While he does not cite Bruno Latour, anyone that has read “We have never been modern” will recognize the similarities between Marks’ definition of science and Latour’s understanding of modernity in that both are projects of imposing division onto the world of experience. While not as refined as Latour, Marks’ work is far more accessible and provides a point of view that is easier to articulate. In the end, Marks rejects the label of “scientist” as he believes that the walls drawn by science between the material world and everything else is untenable and do not accurately reflect real-world knowledge acquisition. The rest of the book attempts to prove this point by showing how science is a human endeavor and is therefore always situated in a world of competing interests which act to subsume the scientific process into the realm of culture.

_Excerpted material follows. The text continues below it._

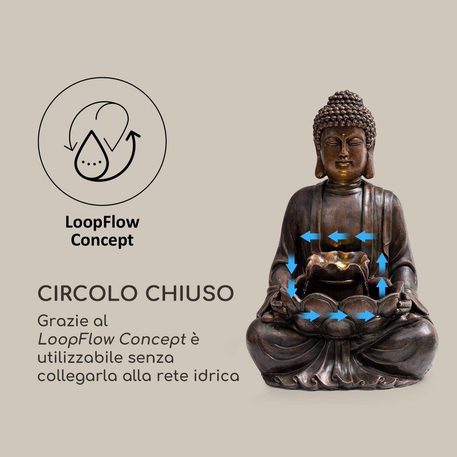 La fontana solare Dharma è, grazie alle sue dimensioni 48 x 72 x 41 cm (LxAxP), piacevolmente compatta e riempie spazi abitativi e giardini con un’atmosfera armonica. Grazie alla SunRiver Technology il funzionamento solare senza elettricità alleggerisce i costi energetici e facilita la ricerca di un posto adeguato per l’installazione. L’illuminazione soffusa conferisce alla figura una lucentezza particolare, trasformandola anche nelle ore serali e notturne in un luogo di rifugio estetico. Nell’appartamento la fontana ornamentale ha un effetto rilassante e positivo sulla salute: umidifica automaticamente l’aria, migliora la temperatura ambiente e consente di respirare a pieni polmoni. La pompa della fontana con LoopFlow Concept mantiene operativo il circuito chiuso dell’acqua in modo silenzioso anche in funzionamento continuo. La fontana da giardino in poliresina resistente è protetta al meglio dal vento e dalle intemperie. Così la si può ammirare e lasciare all’aperto tutto l’anno.

For me, the most interesting aspect of Marks’ rejection of the label “scientist” is not his concern with scientific methodology but instead on his epistemological understanding of human experience as being one that is holistic and indivisible. Methodologically there is little to no difference between Marks and those that we would normally define as scientists. Marks continues to create and test hypotheses through the systematic acquisition of data, the value of this research is based on its replicability by others and ability to be falsified, and his goal is to create widely applicable narratives that accurately describe past phenomena. The important division between Marks and a “real” scientist is that he understands his subject matter – humanity – as being indivisible in terms of material/immaterial, nature/culture, or physical/metaphysical. Even our most basic building block – our genetic code – is influenced by millennia of human actions, choices, and history and are therefore inseparable from the scientifically inaccessible realms of belief-systems, power struggles, ethical codes, and other aspects of human culture.

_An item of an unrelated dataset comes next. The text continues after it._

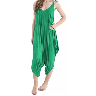 STAR FASHION Ladies Strappy Baggy Harem Jumpsuit Romper Dress Top Womens Sleeveless All in One V Neck Cami Playsuit UK Green 20 22
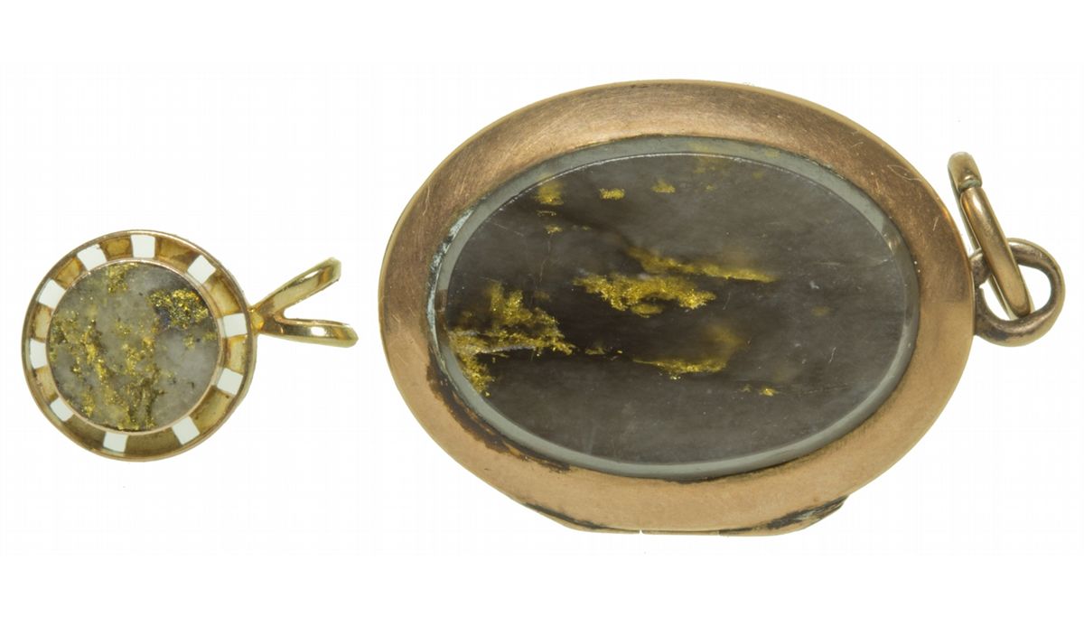 Lot of 2 antique gold pendants. Total weight of 0.27 troy ounces. Smaller one is 3/8 diameter. The larger one opens and originally held a photograph. HKA#62643

Marks’ writings have helped me think through how I engage with the archaeological record and what I think are viable methods of creating and evaluating knowledge about the past. I hope that such contemplations are useful not only for answering tough questions during an interview but also as guide for how I will conduct myself as an archaeologist in the future. I am still not sure how I would answer the “are you a scientist or humanist” question, but I now feel a little more capable of having an interesting discussion about the role of science within archaeology and my own work.

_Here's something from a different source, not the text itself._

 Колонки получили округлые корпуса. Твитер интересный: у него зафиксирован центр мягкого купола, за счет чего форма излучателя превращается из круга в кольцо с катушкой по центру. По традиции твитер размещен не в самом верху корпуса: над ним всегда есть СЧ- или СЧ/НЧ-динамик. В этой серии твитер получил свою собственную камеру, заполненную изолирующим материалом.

I would be very interested in how other archaeologists view their work in terms of the science/humanist division.  I think many of us who were not involved in the culture wars of the 80s and 90s pay too little heed to the division that remains in our discipline, particularly within the more senior levels, and assume that one can switch between being a scientist or humanist depending on our needs, or that the division between the two is permeable enough to allow us to be both/neither at once.  While I do not immediately reject these claims, my friend’s experience suggests that these positions need to be well-thought out and articulated if one hopes to find success within the academic world.